Enfin, ça c’était son avis alors pour ce que ça comptait. Après tout, le seul domaine où il excellait en art, c’était la musique. Il y avait tout un monde de différence entre sa et le cinéma. Remarquant l’air songeur de Samaël, Nahtaniel lui offrit toute son attention, près à entendre son avis. Le tout était assez bien expliqué, mais dit sur le coup ainsi, il était difficile de tout bien démêler. Lorsque son interlocuteur déclara finalement qu’il s’y était mal pris pour analyser la chose, Deino ne répondit pas, songeur. Il n’était pas doué pour tout saisir d’un coup lorsqu’on lui parlait, la lecture lui allait mieux. Mais cela ne l’empêcha pas de retourner les paroles enregistrées par sa mémoire deux trois fois dans sa tête, s’assurant ainsi d’avoir compris au mieux les dires de l’autre.

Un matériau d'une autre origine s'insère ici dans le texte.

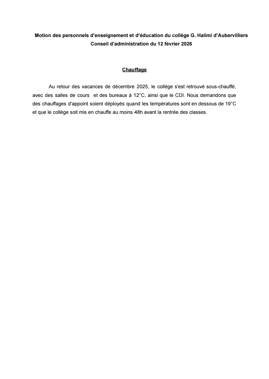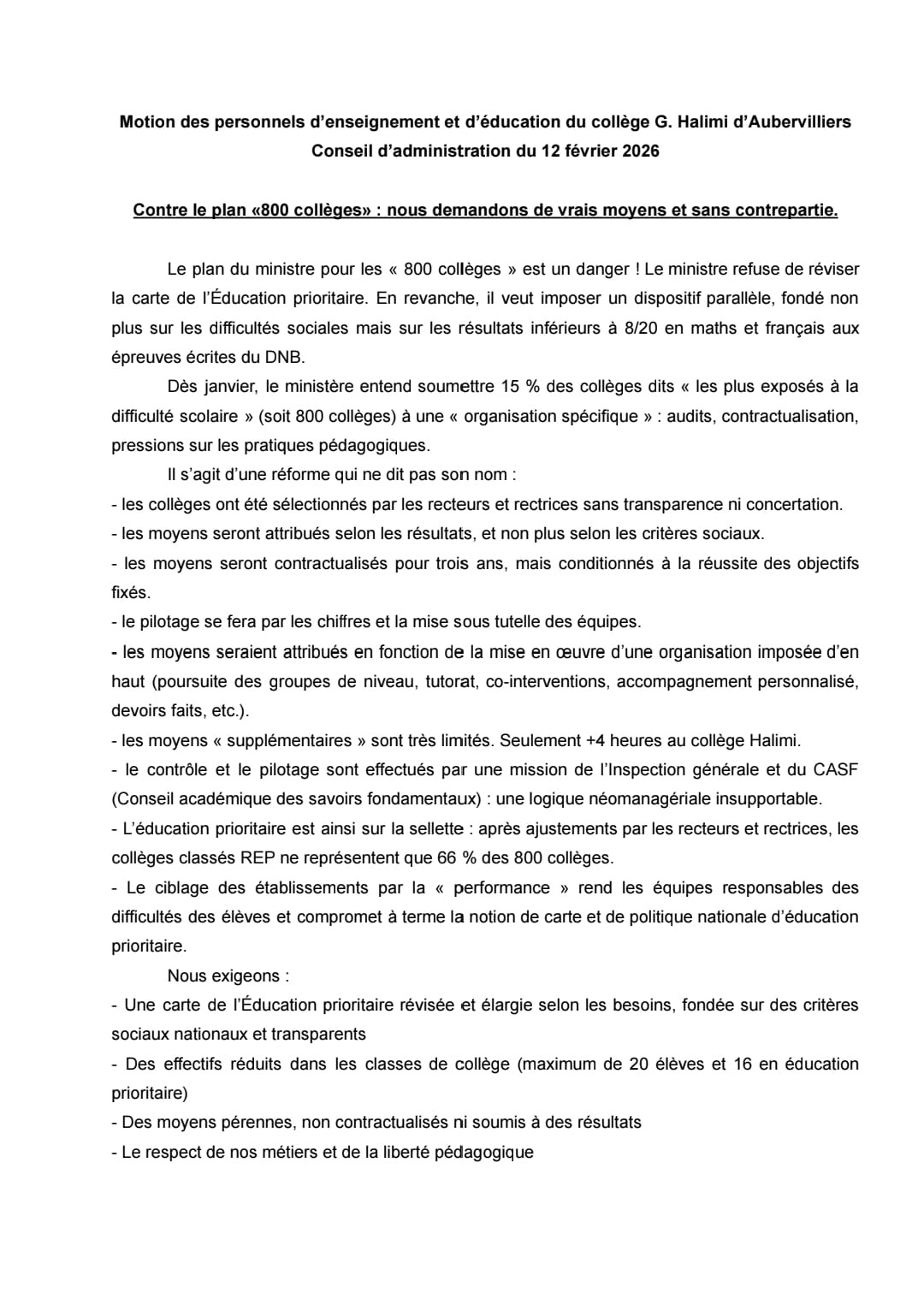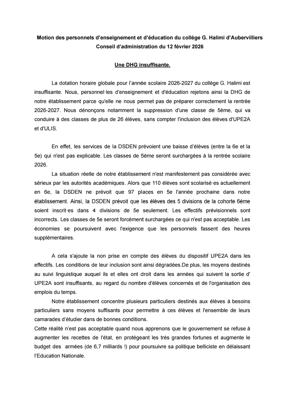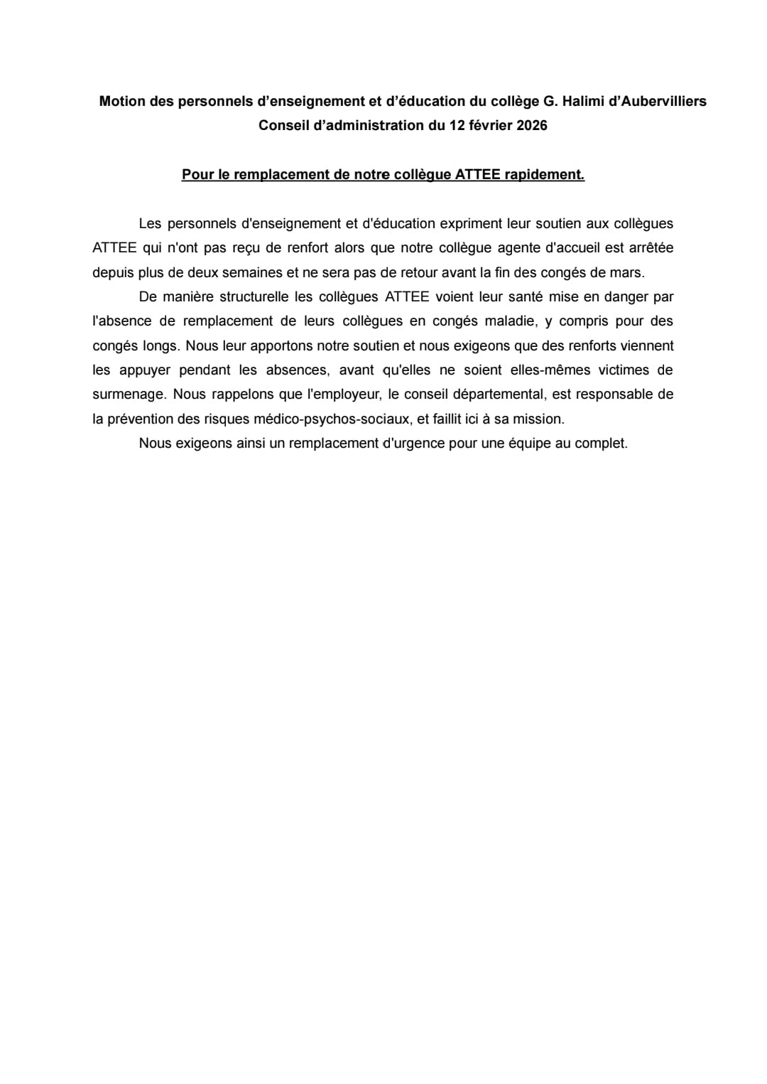 Vous êtes ici : Accueil actu des établissements Seine-Saint-Denis Motions des personnels du collège Halimi (Aubervilliers) 20 février 2026 actu des établissements Motions des personnels du collège Halimi (Aubervilliers)

Il était impossible de vraiment savoir où se positionner face à un tel paradoxe, car après tout, l’essence même d’un paradoxe s’était de se contre dire soi-même.


-Non, c’était une assez bonne explication. C’est juste que ça donne l'impression d’un professeur expliquant à un élève.

Le jeune homme ne pouvait nier que le petit discours qu’il venait d’entendre avait un côté pédagogique assez prononcé, certainement du aux études de Samaël en fait.


-Hum... Le cinéma nous permet en quelque sorte de voir le monde à travers les yeux d’une autre personne. Simplement, parfois c’est du divertissement un peu trop facile. Comment dire… Des fois on à l’impression que c’est toujours la même chose qui revient encore et encore. Certes, il est vrai que le principe d’un film c’est un personnage X qui sert de héros et qui doit parvenir à faire une action Y. Mais à la longue… Enfin, c’est peut-être moi qui en demande trop aussi.

Il sourit un peu, se moquant par la de sa propre personne. Oui, sans doute le problème venait de lui. Mais rien n’empêchait qu’il disait vrai. Tout les films du monde mis ensemble pouvaient se résumer à une trentaine de scénarios de base. Alors normal que tous finissent par se ressembler.